Un'indagine nata quasi per caso, e che trae origine da una precedente azione degli uomini in divisa, avviata a seguito di numerose minacce ricevuto da un carabiniere. Quest'ultimo veniva quotidianamente insultato con telefonate anonime e con numerose email. Gli approfondimenti tecnici del reparto telematico dell'Arma hanno scoperto a chi apparteneva quell'account. L'uomo voleva vendicarsi per il suo arresto per assenteismo dal proprio posto di lavoro, avvenuto qualche mese prima. È stata quindi disposta, su disposizione del pubblico ministero, una perquisizione nell'appartamento e nei computer di proprietà del cinquantaduenne. Gli agenti si sono trovati di fronte ad una una postazione internet collegata a dei supporti magnetici, che a loro volta contenevano una quantità enorme (circa trenta terabytes) di video e immagini di sesso. Tutto il materiale è stato prima sequestrato e poi attentamente analizzato. I tecnici informatici sono riusciti a recuperare oltre millecinquecento video e oltre novemila immagini, molti di bambini di pochi anni di vita. I file, di carattere pedopornografico, venivano scambiati ogni giorno, prevalentemente attraverso un programma chiamato E-Mule, molto usato per la condivisione di Mp3 musicali.

 

 

Ma al peggio, in questa storia, non vi è davvero mai fine. Al cinquantaduenne è stato contestato anche il reato di revenge porn. L'uomo per un breve periodo aveva frequentato una donna di ottant'anni. E aveva filmato, di volta in volta, i loro incontro di sesso.
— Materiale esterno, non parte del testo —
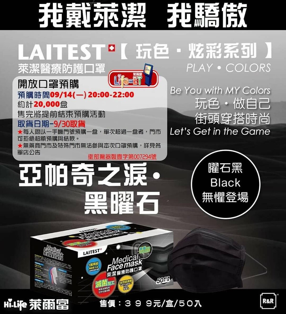 「軍墨綠」有搶到嗎?萊爾富最新宣布將於9/14(一) 20:00再加開新色系「曜石黑」醫療口罩預購,全台限量20,000盒,每盒50入,售價399元,1人限購1盒(不能代購)。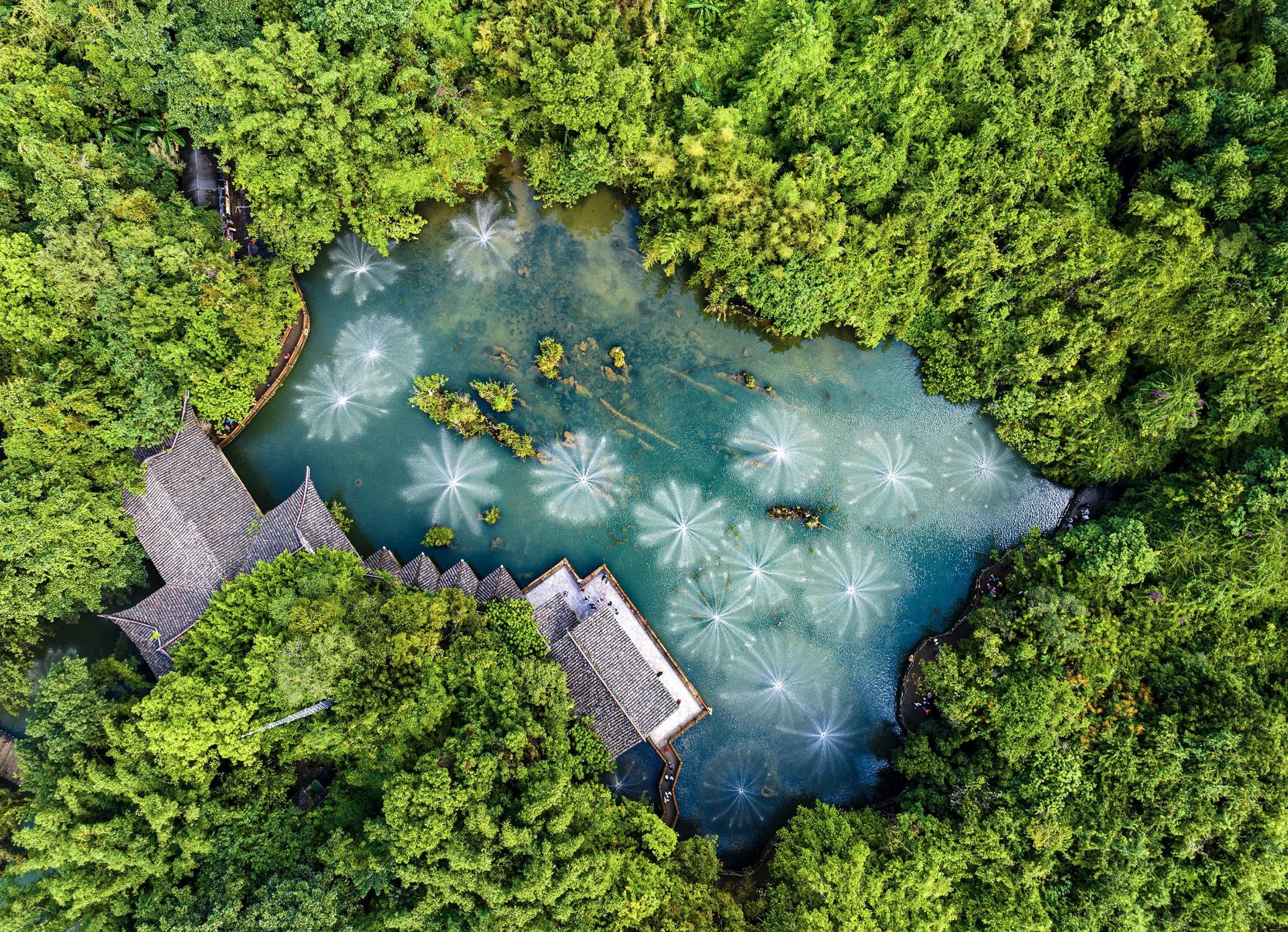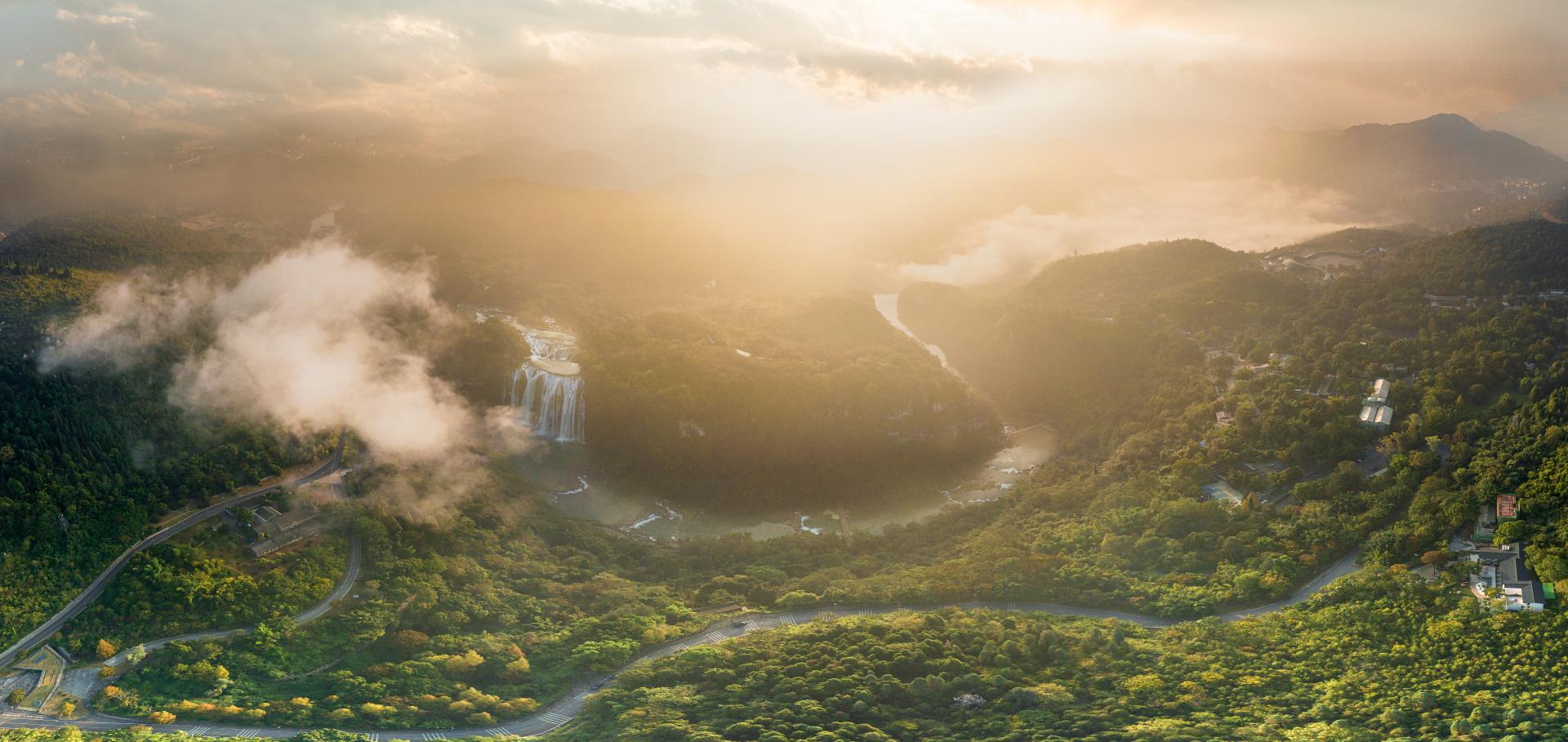 The Huangguoshu National Park is in southwestern Guizhou, at an average altitude of 900 meters and covering 163 square kilometers. Centered on the magnificent Huangguoshu Waterfall, the park contains 18 waterfalls of varying size and character—each majestic, distinctive, dramatic, or delicate—together forming an extensive waterfall group. This cluster has been recognized by Guinness World Records as the world's largest group of waterfalls and is officially listed in the Guinness World Records.

Quando la storia è terminata, per volontà della matura signora, il salernitano ha pensato bene di diffondere i video che la ritraevano, sia attraverso E-mule, che in siti dedicati alle donne che, in gergo, vengono chiamate “granny”. L'ottantenne era completamente all'oscuro della terribile vendetta dell'ex amante ed ha appreso dai carabinieri ciò che le era capitato. Contestualmente all'arresto del pedofilo, i tecnici informatici dei carabinieri hanno sequestrato anche tre account Google e tutti i drive di memoria virtuale nella quale erano contenuti una parte dei video e delle foto pornografiche. Una storia agghiacciante e grottesca, che pone nuovamente l'accento sulla necessità di monitorare senza sosta le attività della rete, quel lato oscuro di Internet, diventato il luogo di incontro e aggregazione dei peggiori pervertiti, quelli che riescono ad eccitarsi guardando la foto di un neonato.